Suddenly, Sal felt the three men’s gazes turn toward him.
“The hacker was arrested last night, but arresting them won’t undo the damage done to the Horseshoe and their credibility.”
“Good to know.” Kent gave him a satisfied smile, puffing on the cigar. “Whoever they were, you’d almost think they did you a favor.”
Each man in the room looked back to the lawyer, conceding his point.
Picking up his glass, Kent drained the contents before putting out the cigar. Standing, he stared down at Dante. “I’d hire whoever took out my competition.”
He laughed while he’d said it, pretending to mean it as a joke, but Sal could see the wheels already turning in Dante’s and Lucca’s heads.
“Well, I better get to work. I do miss being my own boss.” The lawyer huffed out a sigh after raising his arm to look at his watch. “You all have a great day.”
The three of them watched Kent breezily leave the office.
Dante gnawed on his cigar with clenched teeth. “Sal …”
“Yes,” he said, sensing what was coming.
“Get us everything we need to know about the hacker who was arrested last night.”
It wasn’t until the new boss nodded in agreement with the old one that Sal regretfully agreed himself. “All right.”
“I want to know where he sleeps, eats, and shits,” Dante continued.
“That’s the thing …” Sal had to clear his throat from keeping his spit from strangling himself. He seriously doubted Valerie was the hacker, but … “It’s not a he … but a she.”
Rarely was the old boss ever surprised, but Dante certainly was at that revelation.

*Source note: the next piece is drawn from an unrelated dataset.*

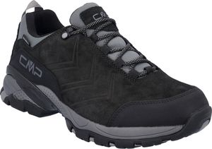 "The Melnick Low Trekking Shoes WP from CMP are the ideal companion for men who are out and about on long trekking tours. These high-quality trekking boots combine comfort and functionality with a sporty design and eye-catching color details. The genuine suede upper not only ensures an appealing look, but also durability and protection. The rubberized reinforcements on the toe and side provide additional protection for the foot, while the waterproof CLIMAPROTECT membrane reliably protects against moistureu00e4."

His son, however, intently leaned forward, and Lucca’s strange-colored eyes clearly showed his interest had been piqued. “Sal, why do I sense there’s more?”
Because there was.
“And …” The Great Salvatore wished there were a god to strike him down dead in this moment. “She’s my next-door neighbor.”
SIX
OBSTRUCTION OF JUSTICE OR SOMETHING
Sal drove back to his house on Prairie Drive, determined to finish his glorious weekend while reminding himself along the way that it had nothing to do with Lucca telling him to hire Valerie. There was abso-fuckin-lutely no way Valerie Monroe was capable of the cyberattack on the Horseshoe. Hell, he had known it despite what he had told Officer Daniels.
The Great Salvatore knew a gamer when he saw one, and Valerie was exactly that.
From her colored hair that shined a brighter blue in the sun, the MoonPies she packed in every weekend, to her oversized colorful hoodies and the big clunky pink headset he watched her wear as she desperately peeked through the window.
Valerie was practically a walking billboard for the company Razer, and on her forehead was spelled “gamer.”
So, when he pulled up to his house to find a police car had returned to hers, he was shocked to see what Officer Daniels was carrying.
Well, shit.
Huffing, he threw on his glasses, wondering if he was really about to do this, when he caught a closer glimpse of what exactly was in his hands. That was when he regretfully decided he was.
Sal got out of the car and approached the officer and got an up-close look to find his suspicions confirmed. The computer Officer Daniels held was a custom-built PC that even had him curious.
“Hey, Officer Daniels, how’s it going?”
“Not too bad, Sal.” He continued lugging the big thing toward his patrol car. “Just about to head to the station. Do you mind opening the trunk for me?”